SIP Arcium brings confidential DeFi to Solana using Arcium's Multi-Party Computation (MPC) network. Your balance and transfer amounts stay encrypted throughout the entire computation — no single node ever sees your actual values.

Traditional DeFi  → Public balances, public amounts, MEV attacks
SIP + Arcium      → Encrypted computation, hidden amounts, MEV protection

Your financial data stays private. Even during computation.

---

🎯 The Problem

Current Solana DeFi exposes everything on-chain:

Data Point	Visibility	Risk
Token Balances	Public	Wealth profiling, targeted attacks
Transfer Amounts	Public	Front-running, sandwich attacks
Swap Details	Public	MEV extraction, copy trading
Transaction Graph	Permanent	Surveillance, address clustering

Why ZK Alone Isn't Enough

Zero-knowledge proofs verify correctness, but the computation itself still happens somewhere.

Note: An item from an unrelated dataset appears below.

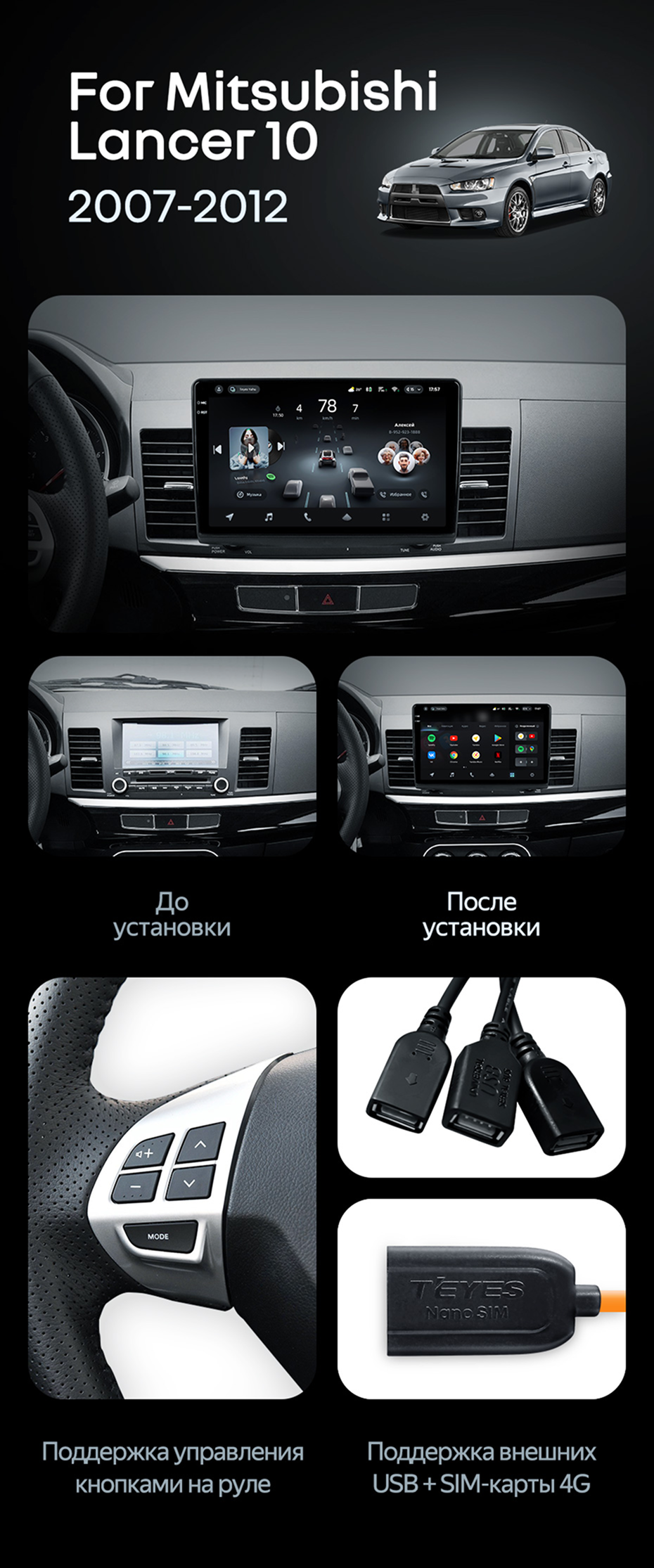 Штатная магнитола Teyes CC4 Pro 8/128 Mitsubishi Lancer 10 CY (2007-2012) Тип-A - купить всего за 57 760 руб. в интернет-магазине в Бийске Teyes.com.ru. ✓ Самый лучший выбор мультимедиа ✓ Лучшая замена штатному ГУ ✓ Тел. +7 (800) 775-31-74

With ZK:

• Prover sees all values during proof generation
• Single point of trust (the prover)
• Complex circuits for arbitrary logic

MPC solves this — computation is distributed across multiple nodes, none of which see the plaintext.

---

💡 The Solution

SIP Arcium uses threshold MPC to perform DeFi operations on encrypted data:

How It Works

┌─────────────────────────────────────────────────────────────────┐
│  1. CLIENT (SIP Mobile / Web App)                               │
│     └── Encrypt inputs with x25519 keypair                      │
│         (balance, amount, slippage — all encrypted)             │
├─────────────────────────────────────────────────────────────────┤
│  2. ANCHOR PROGRAM (this repo)                                  │
│     └── Queue encrypted computation to Arcium MXE               │
│         (on-chain coordination, no plaintext access)            │
├─────────────────────────────────────────────────────────────────┤
│  3. ARCIUM MXE CLUSTER (off-chain MPC network)                  │
│     ├── Threshold decrypt (requires 2/3+ nodes)                 │
│     ├── Execute circuit (distributed computation)               │
│     │   └── No single node sees complete plaintext              │
│     ├── Encrypt result with requester's key                     │
│     └── Return via callback                                     │
├─────────────────────────────────────────────────────────────────┤
│  4. CALLBACK (back on-chain)                                    │
│     └── Emit encrypted result                                   │
│         (only requester can decrypt)                            │
└─────────────────────────────────────────────────────────────────┘

MPC Guarantees

Property	Description
Confidentiality	No single node sees plaintext values
Correctness	Threshold signatures verify computation
Availability	Tolerates minority node failures
Non-collusion	Requires 2/3+ nodes to collude to break privacy

---

🔐 MPC Circuits

Three Arcis circuits for confidential DeFi operations:

1. Private Transfer (private_transfer)

Validate encrypted balance transfers without revealing amounts.

// Inputs (all encrypted)
struct PrivateTransferInput {
    sender_balance: u64,  // Current balance (encrypted)
    amount: u64,          // Transfer amount (encrypted)
    min_balance: u64,     // Minimum to maintain (encrypted)
}

// Outputs (encrypted with requester's key)
struct PrivateTransferOutput {
    is_valid: bool,           // Sufficient balance?
    new_sender_balance: u64,  // Balance after transfer
}

Use case: Shielded SOL/token transfers in SIP Mobile

2. Balance Check (check_balance)

Threshold check without revealing actual balance.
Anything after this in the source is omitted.